Input data -

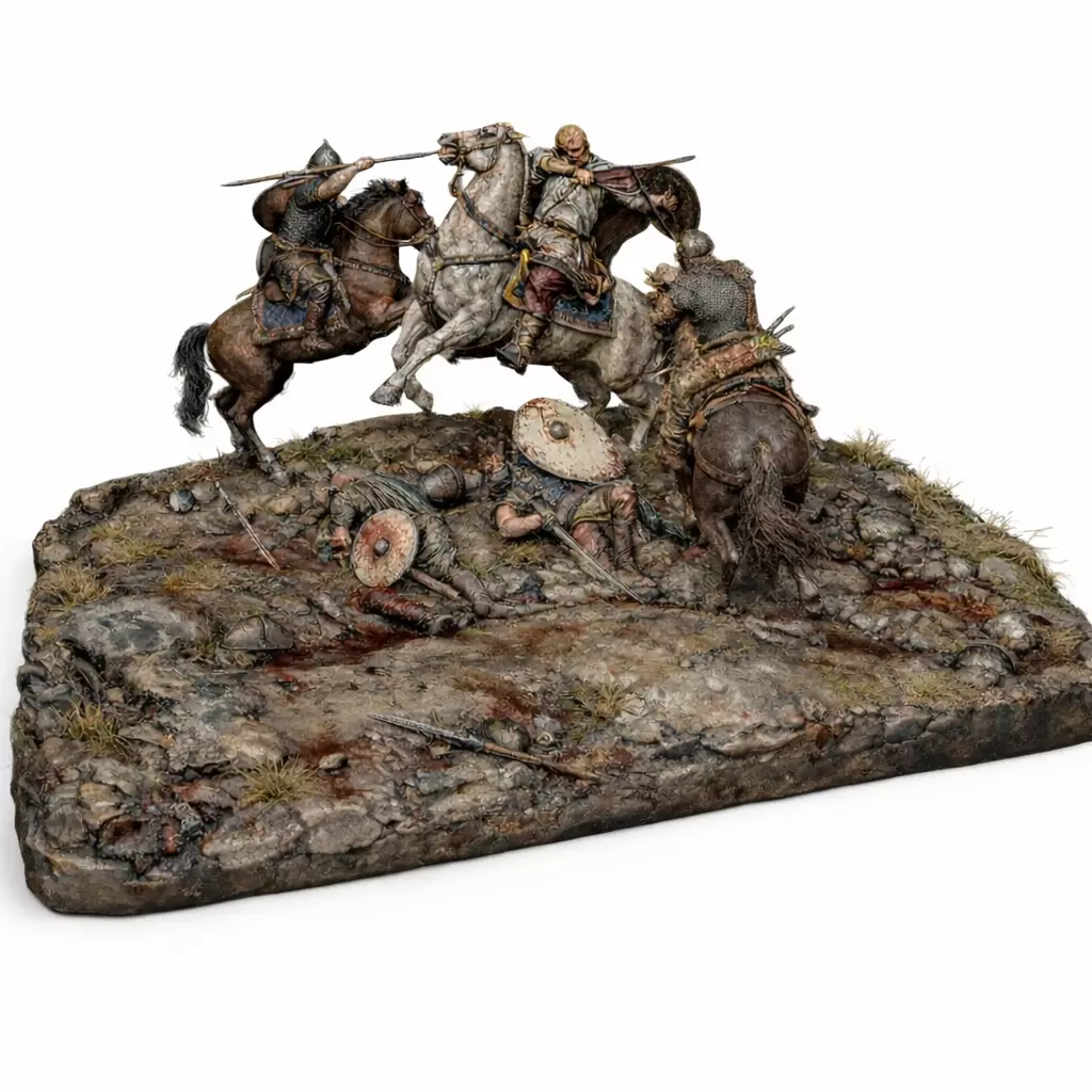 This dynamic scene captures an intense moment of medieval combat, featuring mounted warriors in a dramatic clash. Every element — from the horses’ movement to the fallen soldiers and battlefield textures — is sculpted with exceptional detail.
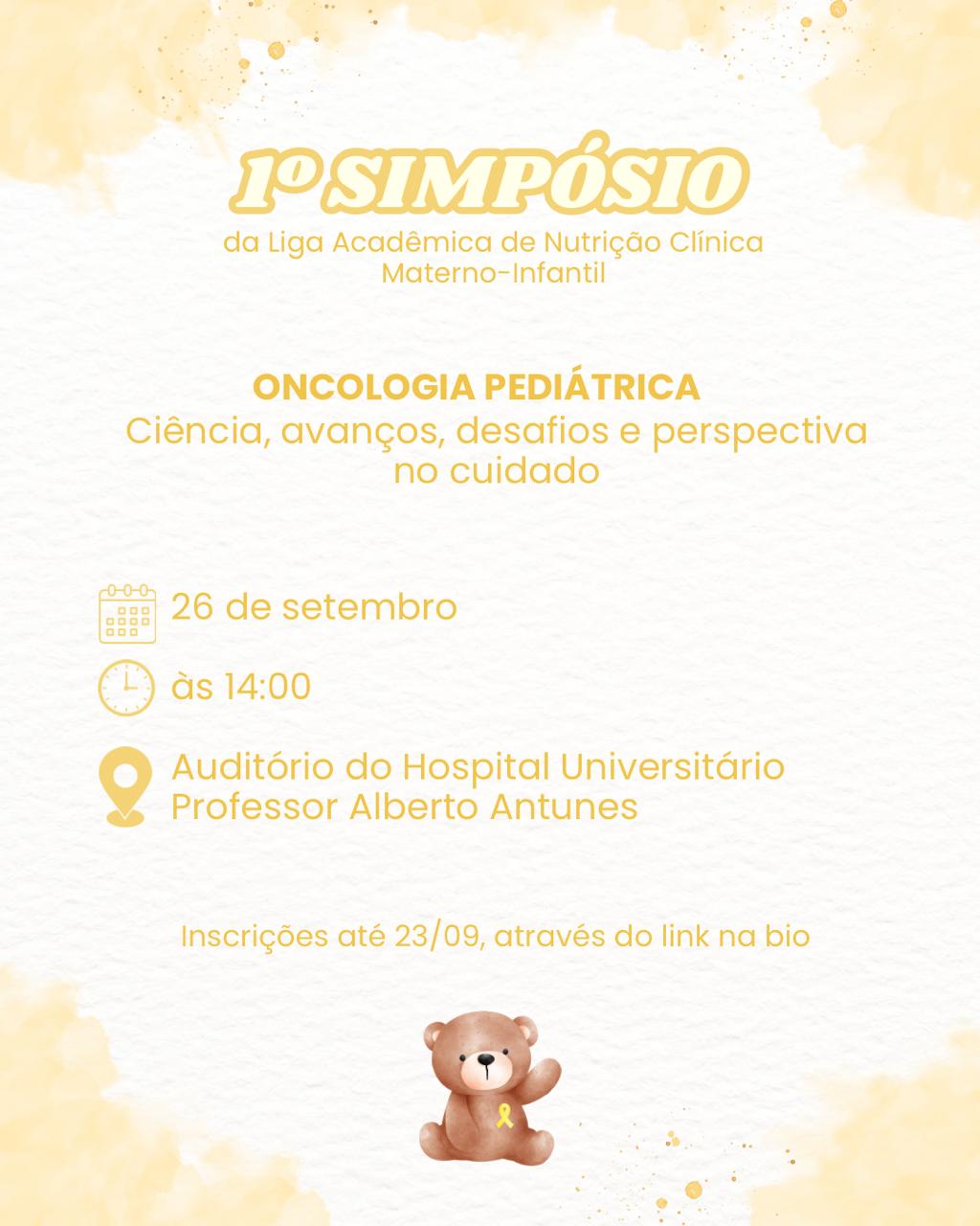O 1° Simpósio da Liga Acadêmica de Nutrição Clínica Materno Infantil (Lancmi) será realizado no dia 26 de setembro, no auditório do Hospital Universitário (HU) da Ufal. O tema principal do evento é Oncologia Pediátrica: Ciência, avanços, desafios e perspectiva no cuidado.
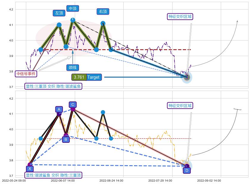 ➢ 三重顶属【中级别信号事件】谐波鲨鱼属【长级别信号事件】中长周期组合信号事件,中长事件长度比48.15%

Your assignment -
Return the whole listing exactly, minus its pictures.

Result of this task -
 This dynamic scene captures an intense moment of medieval combat, featuring mounted warriors in a dramatic clash. Every element — from the horses’ movement to the fallen soldiers and battlefield textures — is sculpted with exceptional detail.
O 1° Simpósio da Liga Acadêmica de Nutrição Clínica Materno Infantil (Lancmi) será realizado no dia 26 de setembro, no auditório do Hospital Universitário (HU) da Ufal. O tema principal do evento é Oncologia Pediátrica: Ciência, avanços, desafios e perspectiva no cuidado.
 ➢ 三重顶属【中级别信号事件】谐波鲨鱼属【长级别信号事件】中长周期组合信号事件,中长事件长度比48.15%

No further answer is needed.